The materialized time data model is suitable for storing "events" because event data has unstructured characteristics that are difficult to describe with fixed fields. Time is an important characteristic when an event occurs. Therefore, when recording events that occur on a node, a data model of materialized time can be used. The materialized time model separates time from events, but is also related to each other. Different times are also related to each other, so the key events of the time nodes in the grid data can be quickly retrieved. There are two main modeling methods: timeline tree and linked list. The timeline tree model is suitable for retrieving a time period within a specific range, such as within a month or a year, and so on. The linked list model is suitable for continuous time retrieval.

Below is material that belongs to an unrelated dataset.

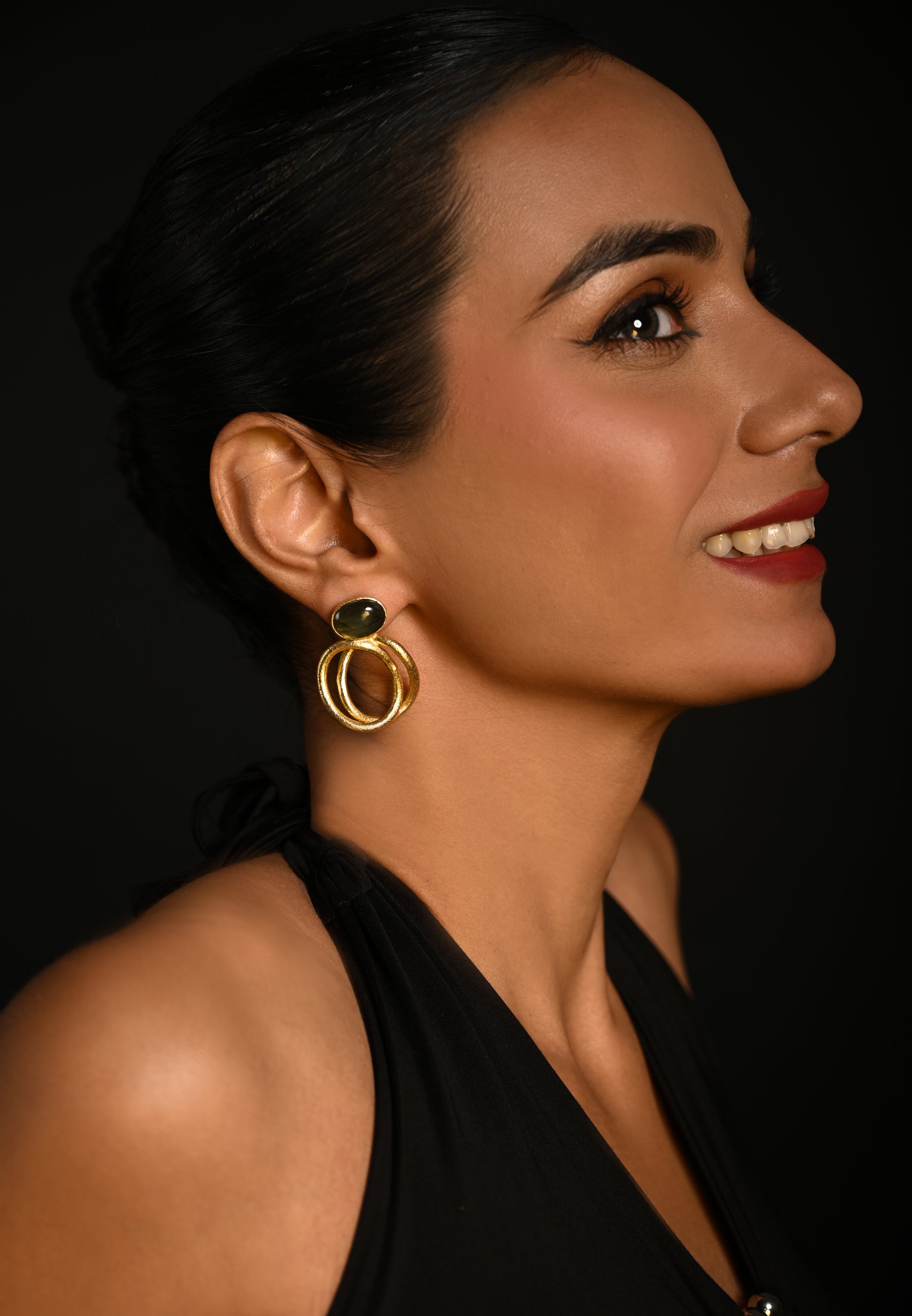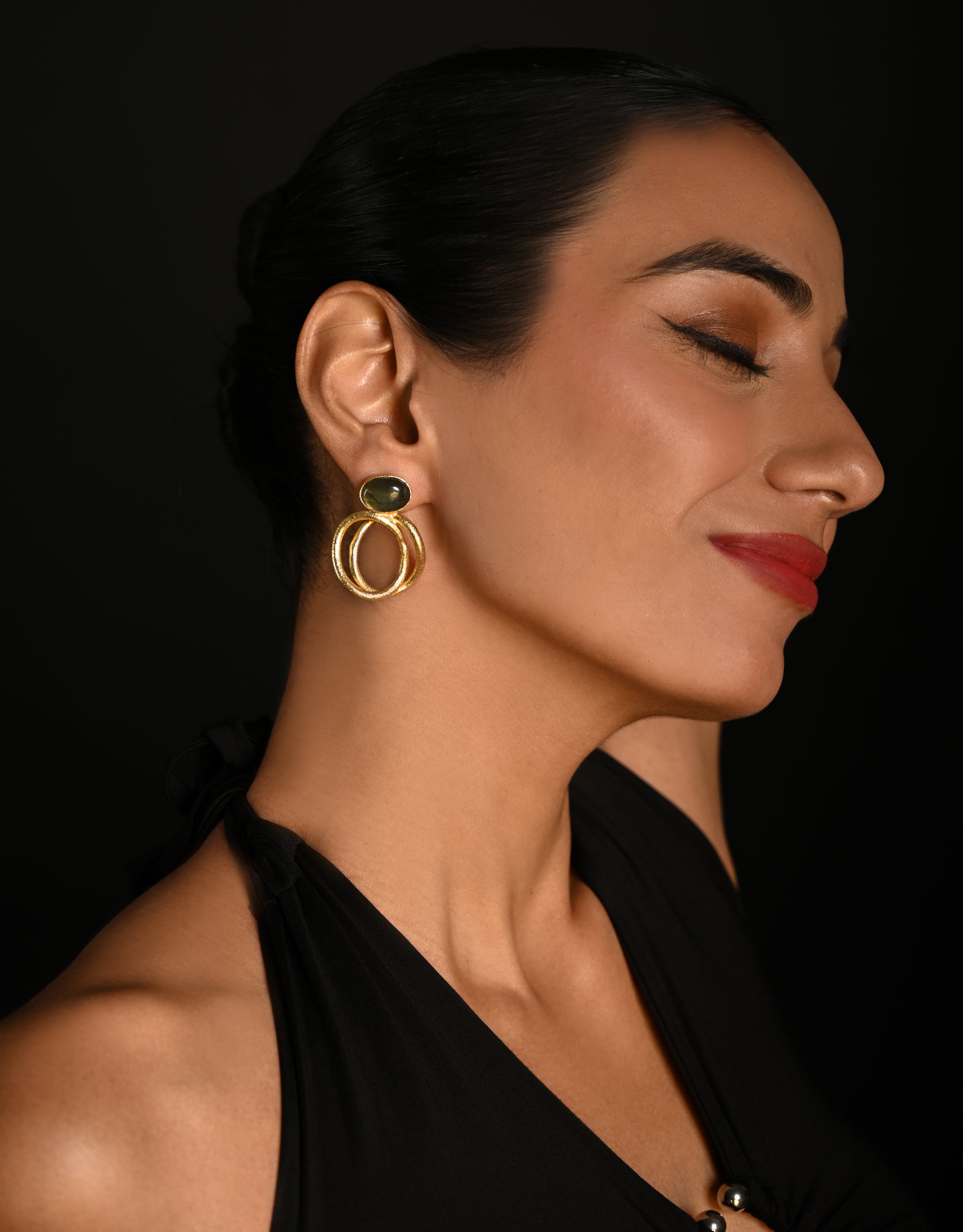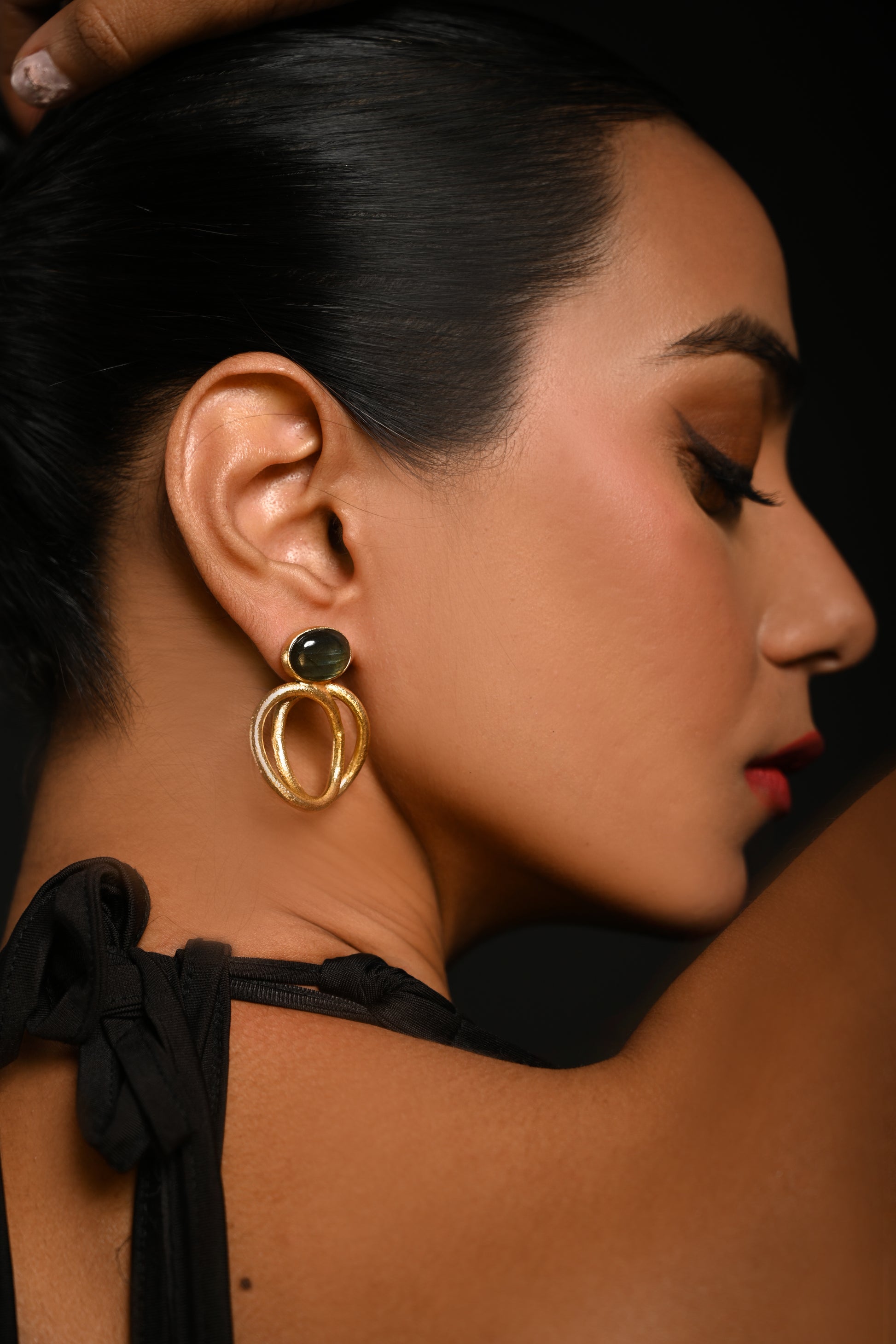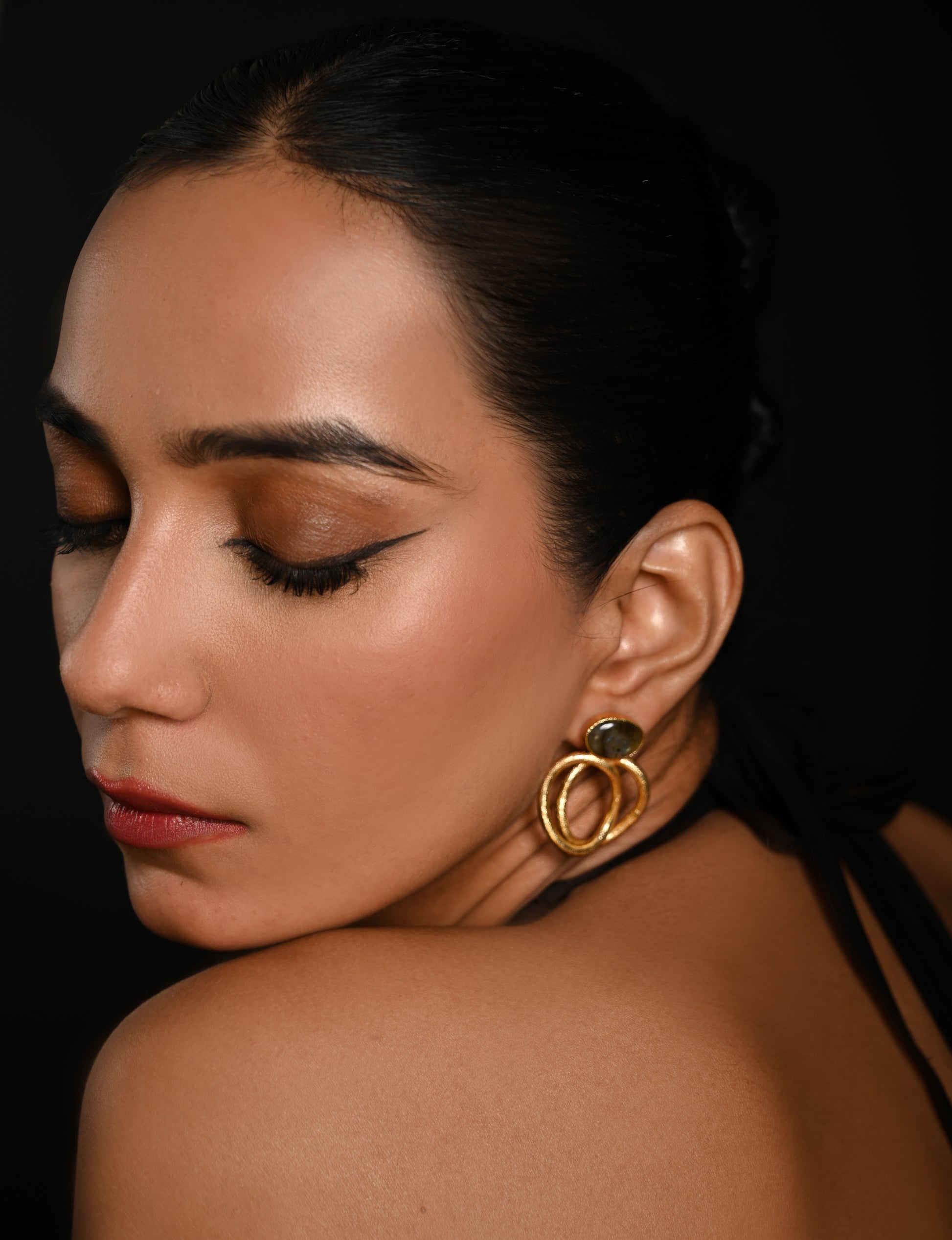 Mysterious, luminous, and deeply elegant - the Mirage Hoop is where natural energy meets sculptural design. Hand-casted in textured brass, the piece features a glowing labradorite stone that shifts hues with the light, revealing flashes of green, blue, and gold.

6 Prospects and Challenges of Graph Data Model Construction

Based on the domain modeling theory and the CIM model, this paper proposes the principle of grid data modeling and the principle of using Neo4j to model the power grid data graph database. According to this principle, four basic graph database models are proposed. With the rapid development of society, as the amount of topological management data increases, the attribute dimension of the data will also increase. A single data model no longer has the ability to handle complex data. This is bound to change the model primitives. Changes of the model primitives can easily cause the instability of the graph model. In the future, when analyzing data processing problems in different scenarios for the distribution network, the four basic models can be combined or expanded to form a new optimal model. The model construction of graph data also faces the following challenges.

  1. 1)

    The challenge of data quality. High-quality data is the key to good application of grid graph data and it ensures the high quality of graph data. The accuracy, completeness, and real-time of the data have a great influence on the results of decision analysis, and even give wrong suggestions.

  2. 2)

    The challenge of multi-data fusion. Data fusion is the key to the application of electric power big data. Information data fusion is the multi-level processing of multi-source data, each level represents a different degree of abstraction of the original data, which includes data detection, correlation, estimation, and combination processing. According to the degree of abstraction in the data processing level, data fusion can be divided into three levels: data-level fusion (before feature extraction), feature-level fusion (before attribute description), and decision-level fusion (after independent attribute description of each sensor data).

  3. 3)

    The challenge of data visualization and information transmission. Electric power data visualization can effectively convey the value of data. Electric power data contains the laws and characteristics of power production and economic and social development, which are generally abstract and difficult to discover. Visual analysis of big data will make it easy to mine and analyze the laws contained in big data, which is conducive to transferring data value and sharing knowledge.

  4. 4)

    Challenges of big data storage and processing. Electric power big data requires huge data storage and computing capabilities. Power big data analyzes and processes structured and unstructured data from multiple data sources, and needs to store massive amounts of data and provide fast computing capabilities. Distributed data storage and calculation is an effective way to solve power big data storage and calculation.

7 Conclusion

This paper summarizes the domestic and foreign research status of graph data model construction technology, introduces graph databases commonly used in graph data model construction, expounds the relevant steps of using graph databases for data modeling, and summarizes four commonly used data models and their respective characteristics. In the future, the scalability of Neo4j database can be used to combine and apply commonly used data models to solve complex problems in different scenarios. Finally, the challenges of graph data model in data quality, multi-data fusion, data visualization information, storage and processing are explained.